Diffusion Model-based Reinforcement Learning for Version Age of Information Scheduling: Average and Tail-Risk-Sensitive Control
Haoyuan Pan, Sizhao Chen, Zhaorui Wang, Tse-Tin Chan
TL;DR
This work tackles semantic staleness in multi-user VAoI scheduling under stochastic arrivals and unreliable channels by formulating a CMDP and proposing two DRL frameworks. The risk-neutral baseline, D2SAC, uses a diffusion-based actor to enrich policy generation and improve mean VAoI under a long-term transmission-cost constraint. The risk-sensitive extension, RS-D3SAC, couples a diffusion-based actor with a distributional QR-DQN critic to model the full VAoI return distribution and optimize CVaR, achieving substantial tail-risk reductions without sacrificing mean performance. Experimental results show that diffusion enhances mean performance, while the distributional critic drives the dominant gains in tail-risk control, yielding a robust, risk-aware VAoI scheduling approach for wireless networks.
Abstract
Ensuring timely and semantically accurate information delivery is critical in real-time wireless systems.

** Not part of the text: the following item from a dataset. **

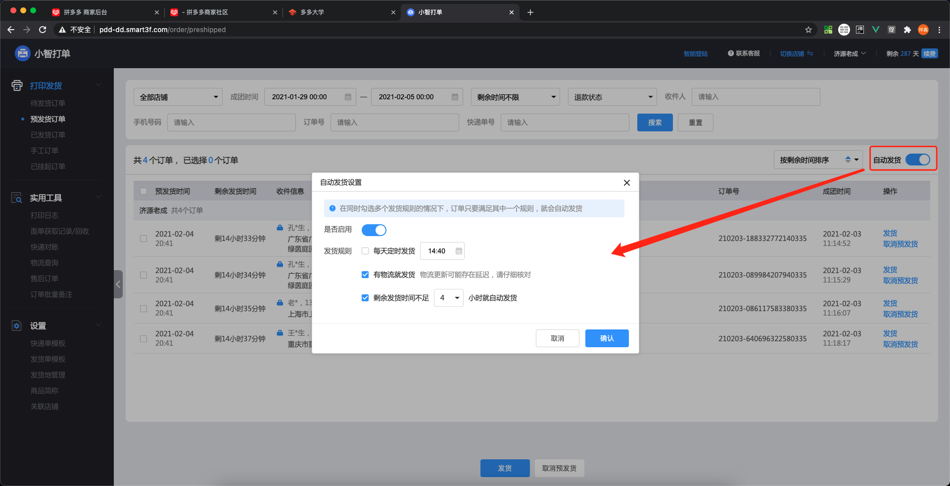 点击左侧列表的“预发货”订单,开启“自动发货”选项,可以自定义设置发货规则。根据店铺情况,这里我们设置了有物流就发货、不足4小时自动发货的条件。

While Age of Information (AoI) quantifies temporal freshness, Version Age of Information (VAoI) captures semantic staleness by accounting for version evolution between transmitters and receivers. Existing VAoI scheduling approaches primarily focus on minimizing average VAoI, overlooking rare but severe staleness events that can compromise reliability under stochastic packet arrivals and unreliable channels. This paper investigates both average-oriented and tail-risk-sensitive VAoI scheduling in a multi-user status update system with long-term transmission cost constraints. We first formulate the average VAoI minimization problem as a constrained Markov decision process and introduce a deep diffusion-based Soft Actor-Critic (D2SAC) algorithm. By generating actions through a diffusion-based denoising process, D2SAC enhances policy expressiveness and establishes a strong baseline for mean performance. Building on this foundation, we put forth RS-D3SAC, a risk-sensitive deep distributional diffusion-based Soft Actor-Critic algorithm. RS-D3SAC integrates a diffusion-based actor with a quantile-based distributional critic, explicitly modeling the full VAoI return distribution. This enables principled tail-risk optimization via Conditional Value-at-Risk (CVaR) while satisfying long-term transmission cost constraints. Extensive simulations show that, while D2SAC reduces average VAoI, RS-D3SAC consistently achieves substantial reductions in CVaR without sacrificing mean performance. The dominant gain in tail-risk reduction stems from the distributional critic, with the diffusion-based actor providing complementary refinement to stabilize and enrich policy decisions, highlighting their effectiveness for robust and risk-aware VAoI scheduling in multi-user wireless systems.